Work task:
What are the lines, word for word, from the line with "先日、お孫さんが生まれたばか" up to and including the line with "Officer Corinna Gneist confirming" in the records below? Omit the pictures.
START Supplied records
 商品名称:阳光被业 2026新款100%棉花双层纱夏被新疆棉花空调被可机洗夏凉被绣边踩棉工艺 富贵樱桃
END Supplied records
START Supplied records
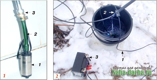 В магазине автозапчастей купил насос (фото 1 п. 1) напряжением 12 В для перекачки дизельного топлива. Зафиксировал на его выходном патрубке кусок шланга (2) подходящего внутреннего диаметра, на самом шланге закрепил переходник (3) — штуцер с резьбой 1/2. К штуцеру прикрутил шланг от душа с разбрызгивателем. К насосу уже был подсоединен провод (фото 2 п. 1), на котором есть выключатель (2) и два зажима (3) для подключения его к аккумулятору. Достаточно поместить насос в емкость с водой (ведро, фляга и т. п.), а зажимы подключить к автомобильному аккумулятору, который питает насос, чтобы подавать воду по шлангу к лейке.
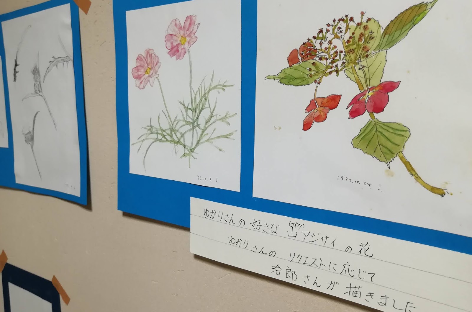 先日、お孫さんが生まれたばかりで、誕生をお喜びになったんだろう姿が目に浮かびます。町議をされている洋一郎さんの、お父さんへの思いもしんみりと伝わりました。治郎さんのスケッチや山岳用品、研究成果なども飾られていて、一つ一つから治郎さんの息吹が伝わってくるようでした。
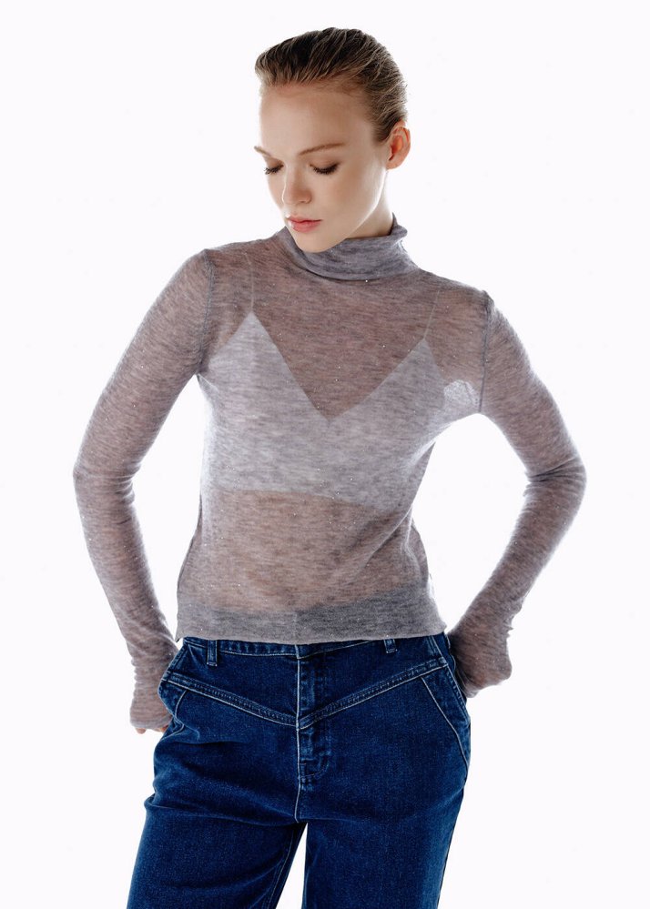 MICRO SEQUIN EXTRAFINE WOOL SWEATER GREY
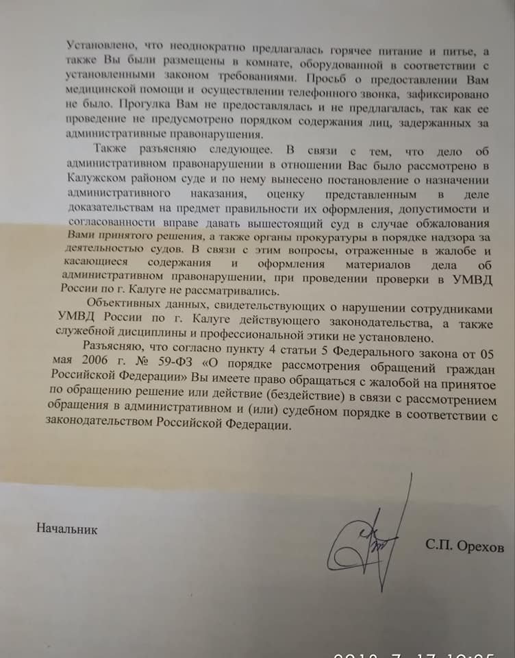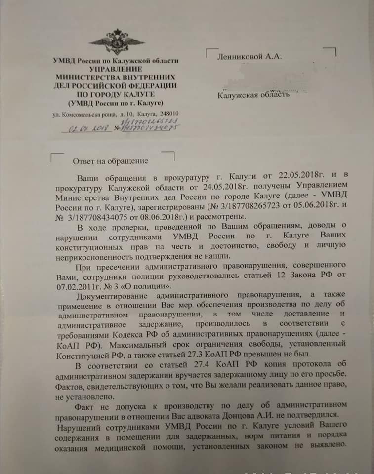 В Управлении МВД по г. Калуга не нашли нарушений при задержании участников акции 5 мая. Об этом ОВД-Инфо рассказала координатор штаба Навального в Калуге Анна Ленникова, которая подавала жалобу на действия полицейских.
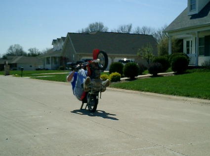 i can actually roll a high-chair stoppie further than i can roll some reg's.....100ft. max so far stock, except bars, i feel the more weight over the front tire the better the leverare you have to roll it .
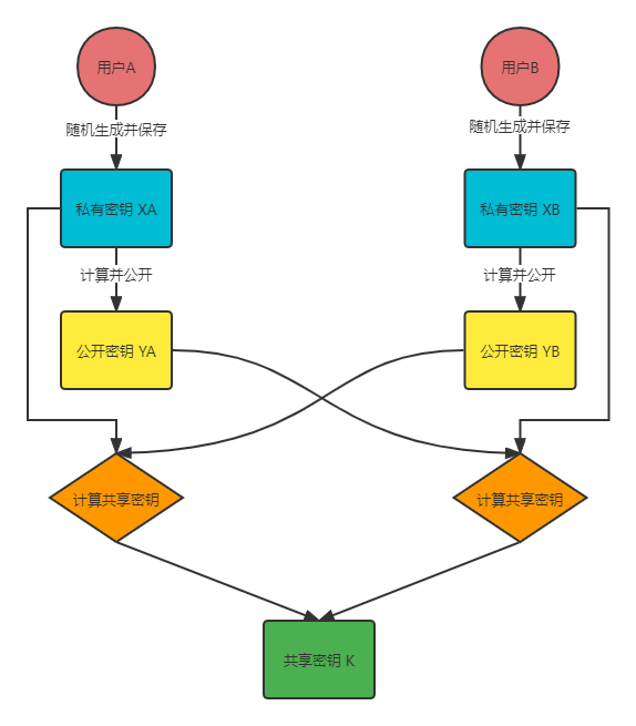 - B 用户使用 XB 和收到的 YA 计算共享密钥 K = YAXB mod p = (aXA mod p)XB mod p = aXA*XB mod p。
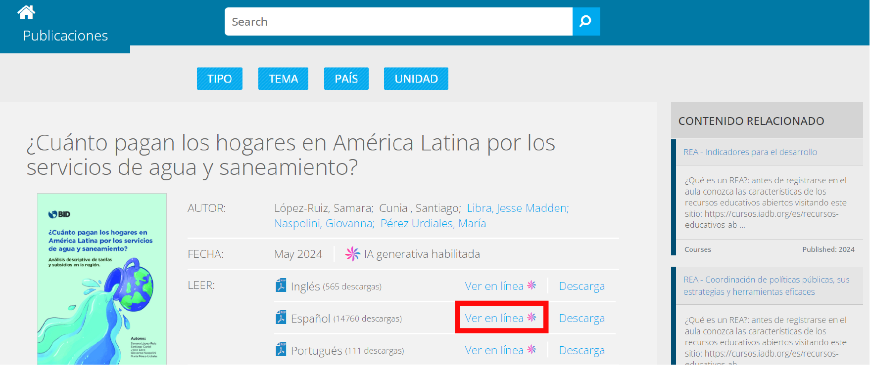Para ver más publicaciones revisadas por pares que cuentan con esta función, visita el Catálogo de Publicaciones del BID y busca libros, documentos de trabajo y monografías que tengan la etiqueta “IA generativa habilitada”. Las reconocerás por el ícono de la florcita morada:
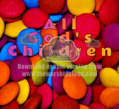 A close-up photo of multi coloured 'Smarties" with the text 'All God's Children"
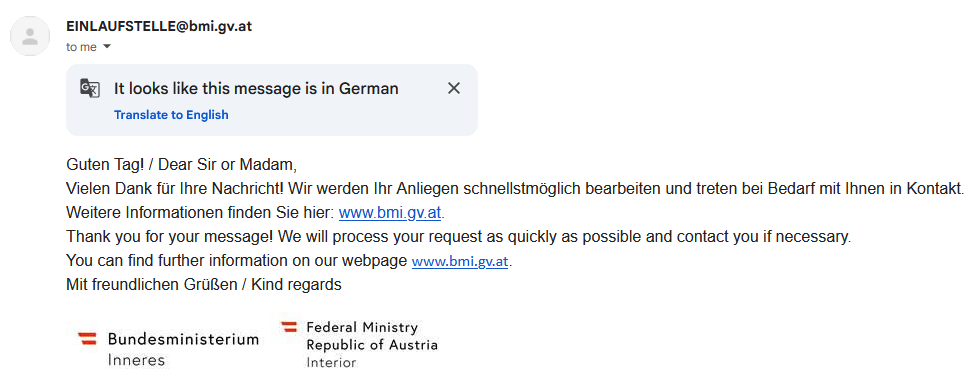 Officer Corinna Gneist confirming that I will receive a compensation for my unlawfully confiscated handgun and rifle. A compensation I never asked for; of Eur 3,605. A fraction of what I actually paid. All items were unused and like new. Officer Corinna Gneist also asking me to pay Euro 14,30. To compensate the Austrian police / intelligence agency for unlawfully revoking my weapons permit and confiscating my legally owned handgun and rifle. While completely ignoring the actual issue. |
END Supplied records
START Supplied records
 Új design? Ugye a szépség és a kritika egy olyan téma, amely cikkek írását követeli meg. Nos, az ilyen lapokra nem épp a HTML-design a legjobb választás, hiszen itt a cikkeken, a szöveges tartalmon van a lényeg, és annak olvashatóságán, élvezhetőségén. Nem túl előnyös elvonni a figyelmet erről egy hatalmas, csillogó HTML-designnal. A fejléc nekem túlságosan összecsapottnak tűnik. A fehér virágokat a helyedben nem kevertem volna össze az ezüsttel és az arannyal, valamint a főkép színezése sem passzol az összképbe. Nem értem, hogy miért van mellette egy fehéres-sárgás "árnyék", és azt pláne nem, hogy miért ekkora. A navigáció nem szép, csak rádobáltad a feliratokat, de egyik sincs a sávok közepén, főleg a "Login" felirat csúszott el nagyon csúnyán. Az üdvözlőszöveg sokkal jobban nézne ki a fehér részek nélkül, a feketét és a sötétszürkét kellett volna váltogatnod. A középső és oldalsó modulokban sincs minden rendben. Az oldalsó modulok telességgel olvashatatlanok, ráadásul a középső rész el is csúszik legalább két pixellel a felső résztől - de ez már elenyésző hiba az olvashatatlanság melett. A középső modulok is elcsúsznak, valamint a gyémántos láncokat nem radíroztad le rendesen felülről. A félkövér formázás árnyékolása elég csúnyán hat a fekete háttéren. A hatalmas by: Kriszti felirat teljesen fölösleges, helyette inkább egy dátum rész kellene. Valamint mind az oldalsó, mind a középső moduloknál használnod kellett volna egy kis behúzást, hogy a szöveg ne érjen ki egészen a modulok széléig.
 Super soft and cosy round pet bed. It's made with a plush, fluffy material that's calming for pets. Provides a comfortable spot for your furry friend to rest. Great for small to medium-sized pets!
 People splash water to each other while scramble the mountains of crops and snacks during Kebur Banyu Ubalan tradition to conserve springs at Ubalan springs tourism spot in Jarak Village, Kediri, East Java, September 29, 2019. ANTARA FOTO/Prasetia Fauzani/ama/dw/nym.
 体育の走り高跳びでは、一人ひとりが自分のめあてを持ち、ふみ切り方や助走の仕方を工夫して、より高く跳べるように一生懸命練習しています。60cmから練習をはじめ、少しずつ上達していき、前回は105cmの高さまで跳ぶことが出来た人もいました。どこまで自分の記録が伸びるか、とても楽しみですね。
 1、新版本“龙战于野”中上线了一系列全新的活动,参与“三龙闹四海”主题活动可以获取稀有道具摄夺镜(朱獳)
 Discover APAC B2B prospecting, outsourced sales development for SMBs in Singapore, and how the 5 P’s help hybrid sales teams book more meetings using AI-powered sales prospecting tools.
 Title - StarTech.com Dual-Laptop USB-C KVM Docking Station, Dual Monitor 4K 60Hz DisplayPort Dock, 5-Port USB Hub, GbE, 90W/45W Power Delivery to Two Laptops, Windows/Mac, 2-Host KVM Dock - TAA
END Supplied records
Answer box:
 先日、お孫さんが生まれたばかりで、誕生をお喜びになったんだろう姿が目に浮かびます。町議をされている洋一郎さんの、お父さんへの思いもしんみりと伝わりました。治郎さんのスケッチや山岳用品、研究成果なども飾られていて、一つ一つから治郎さんの息吹が伝わってくるようでした。
 MICRO SEQUIN EXTRAFINE WOOL SWEATER GREY
 В Управлении МВД по г. Калуга не нашли нарушений при задержании участников акции 5 мая. Об этом ОВД-Инфо рассказала координатор штаба Навального в Калуге Анна Ленникова, которая подавала жалобу на действия полицейских.
 i can actually roll a high-chair stoppie further than i can roll some reg's.....100ft. max so far stock, except bars, i feel the more weight over the front tire the better the leverare you have to roll it .
 - B 用户使用 XB 和收到的 YA 计算共享密钥 K = YAXB mod p = (aXA mod p)XB mod p = aXA*XB mod p。
Para ver más publicaciones revisadas por pares que cuentan con esta función, visita el Catálogo de Publicaciones del BID y busca libros, documentos de trabajo y monografías que tengan la etiqueta “IA generativa habilitada”. Las reconocerás por el ícono de la florcita morada:
 A close-up photo of multi coloured 'Smarties" with the text 'All God's Children"
 Officer Corinna Gneist confirming that I will receive a compensation for my unlawfully confiscated handgun and rifle. A compensation I never asked for; of Eur 3,605. A fraction of what I actually paid. All items were unused and like new. Officer Corinna Gneist also asking me to pay Euro 14,30. To compensate the Austrian police / intelligence agency for unlawfully revoking my weapons permit and confiscating my legally owned handgun and rifle. While completely ignoring the actual issue. |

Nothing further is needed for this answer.